What to do: Transcribe all of the data verbatim, please, and leave out its pictures.

Source data:
--*--
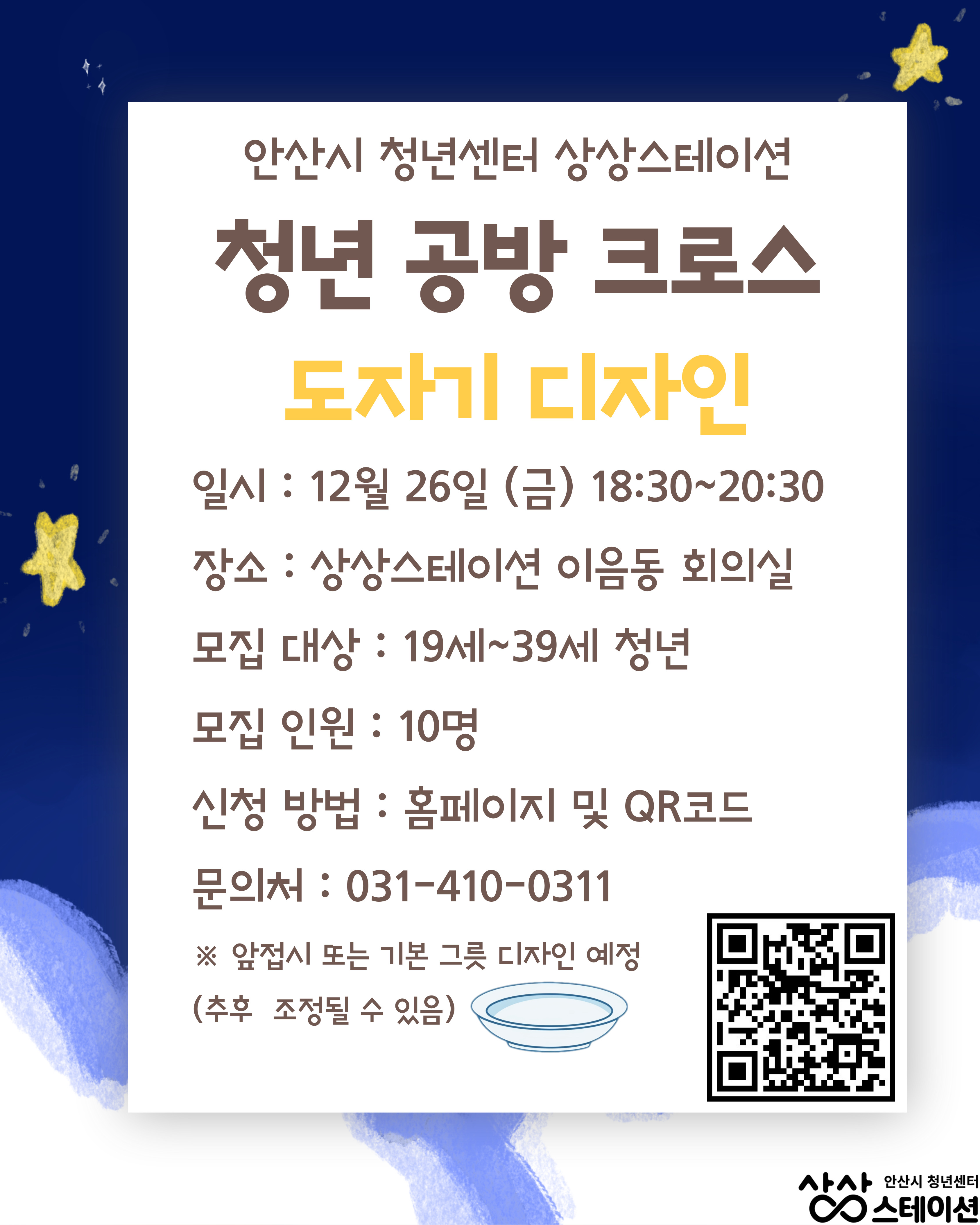 12월 26일(금) 오후 6시 30분 ~ 8시 30분 도자기 디자인 프로그램을 진행합니다 :) (정원은 10명이며, 11번째 신청자분들 부터는 취소자리 발생시에만 연락드리겠습니다!)
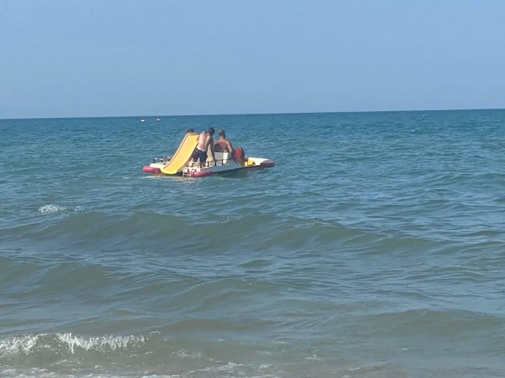 eccoci nuovamente in spiaggia e non poteva mancare il pedalò (rigorosamente con scivolo!) per un divertente giro con gli amici di questa bellissima vacanza a Riccione!
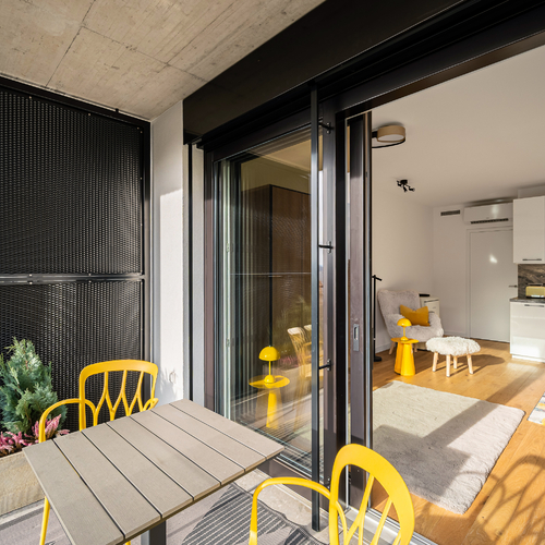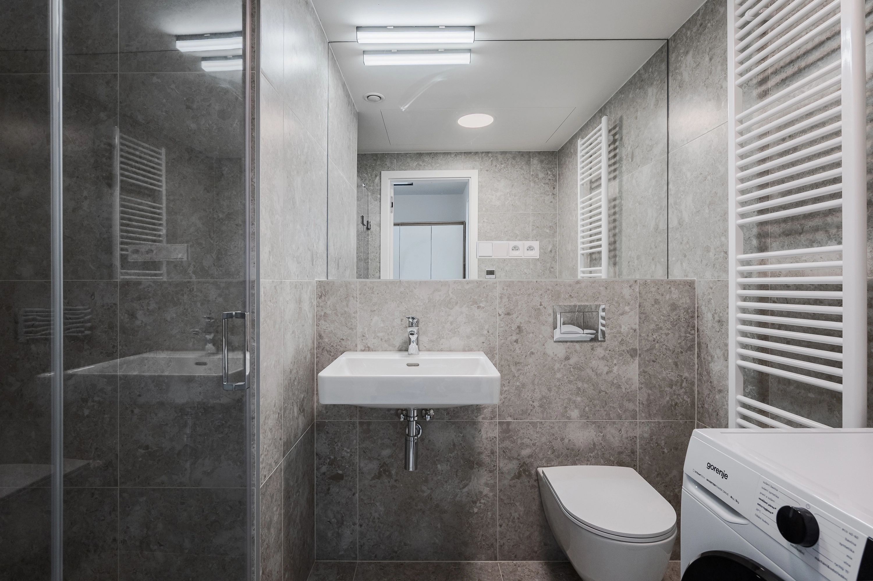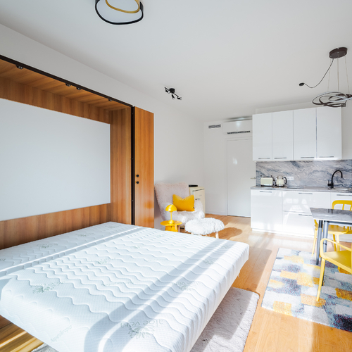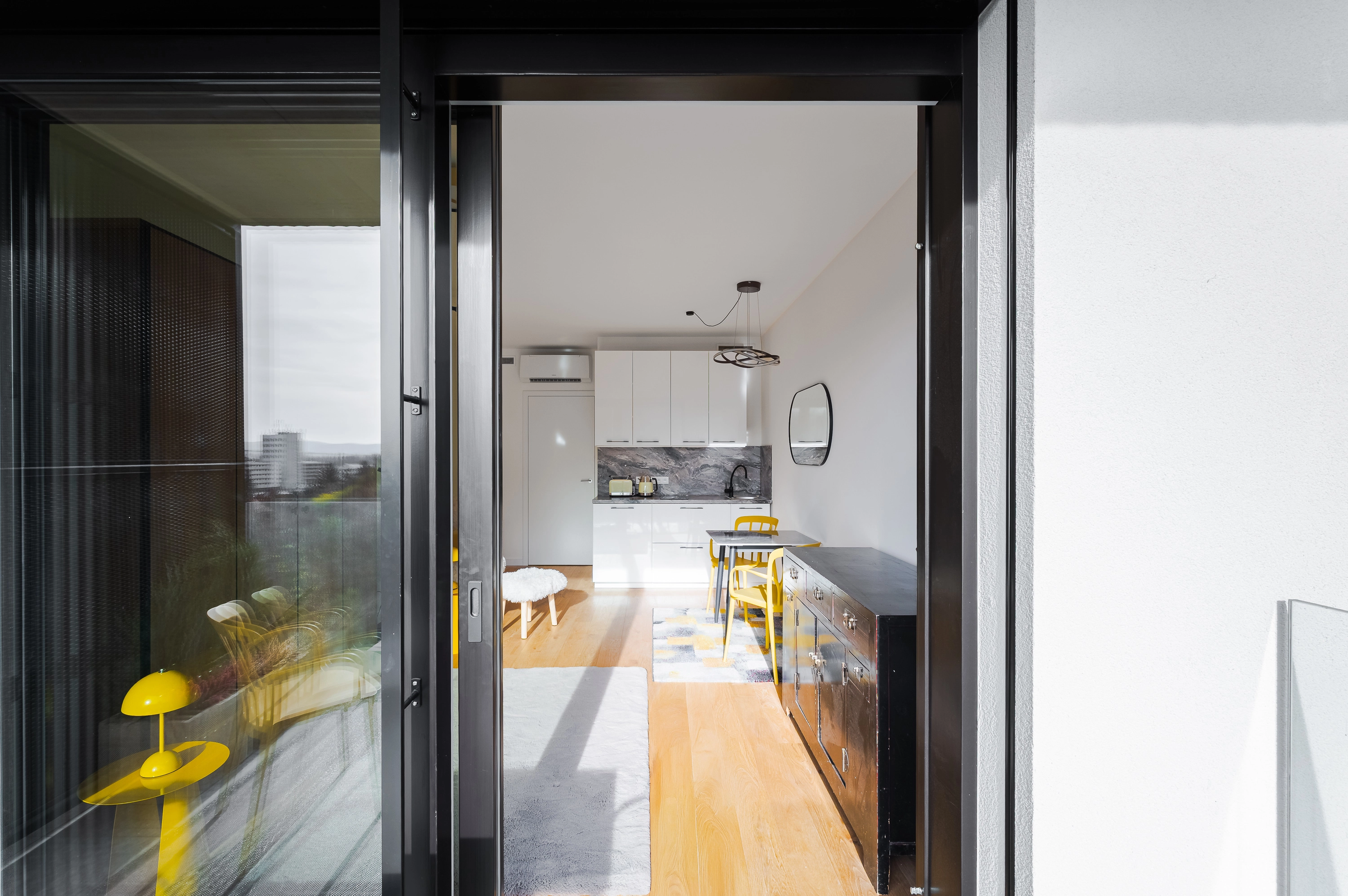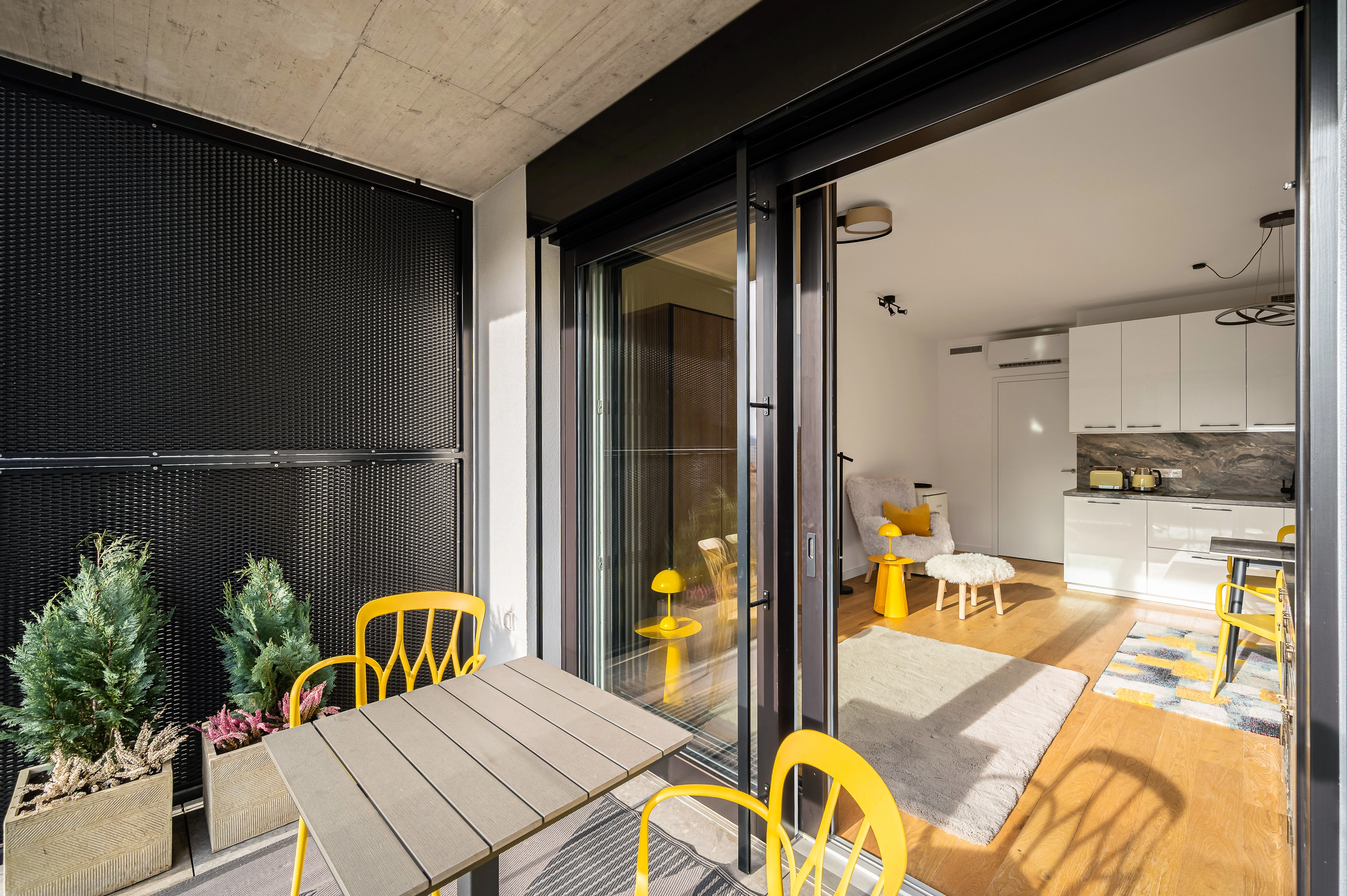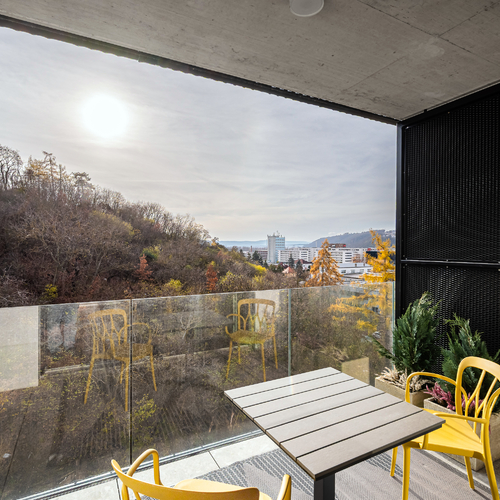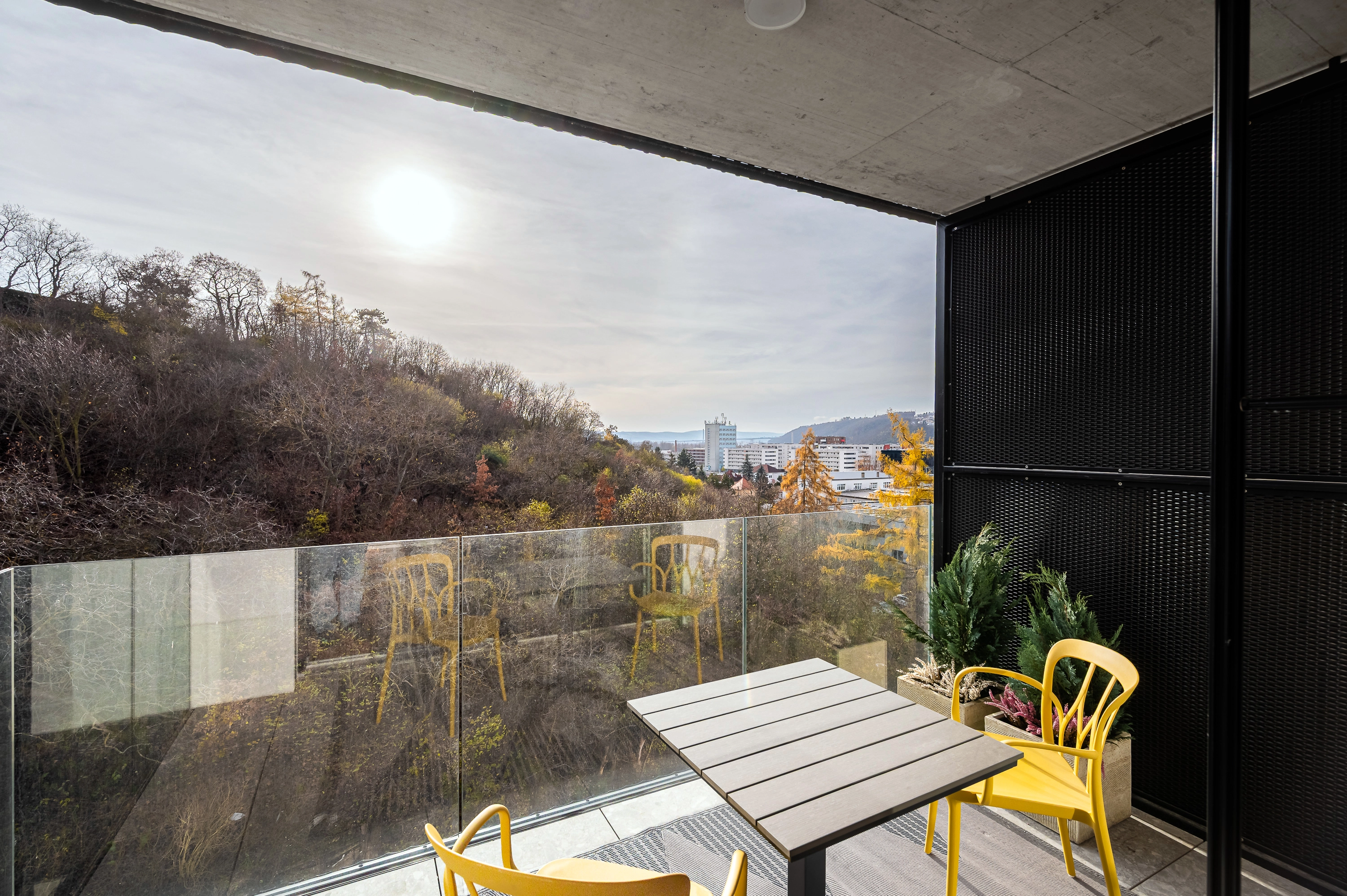 Byt je orientován na jižní stranu, nabízí velmi vysoké standardy bydlení, jako dřevěné podlahy, klimatizace, smart home (ovládaní bytu přes tablet) a společné prostory domu jako střešní terasa s posezením a místem na grilování. Součástí pronájmu je také vstup podzemní chodbou do zázemí vedlejšího projektu Vanguard Lofts a jejich překrásného SPA. Najdete zde dvě sauny, velký bazén, odpočinkovou místnost, vířivku a jiné. To vše z pohodlí vašeho bytu.
--*--
Task response:
 12월 26일(금) 오후 6시 30분 ~ 8시 30분 도자기 디자인 프로그램을 진행합니다 :) (정원은 10명이며, 11번째 신청자분들 부터는 취소자리 발생시에만 연락드리겠습니다!)
 eccoci nuovamente in spiaggia e non poteva mancare il pedalò (rigorosamente con scivolo!) per un divertente giro con gli amici di questa bellissima vacanza a Riccione!
 Byt je orientován na jižní stranu, nabízí velmi vysoké standardy bydlení, jako dřevěné podlahy, klimatizace, smart home (ovládaní bytu přes tablet) a společné prostory domu jako střešní terasa s posezením a místem na grilování. Součástí pronájmu je také vstup podzemní chodbou do zázemí vedlejšího projektu Vanguard Lofts a jejich překrásného SPA. Najdete zde dvě sauny, velký bazén, odpočinkovou místnost, vířivku a jiné. To vše z pohodlí vašeho bytu.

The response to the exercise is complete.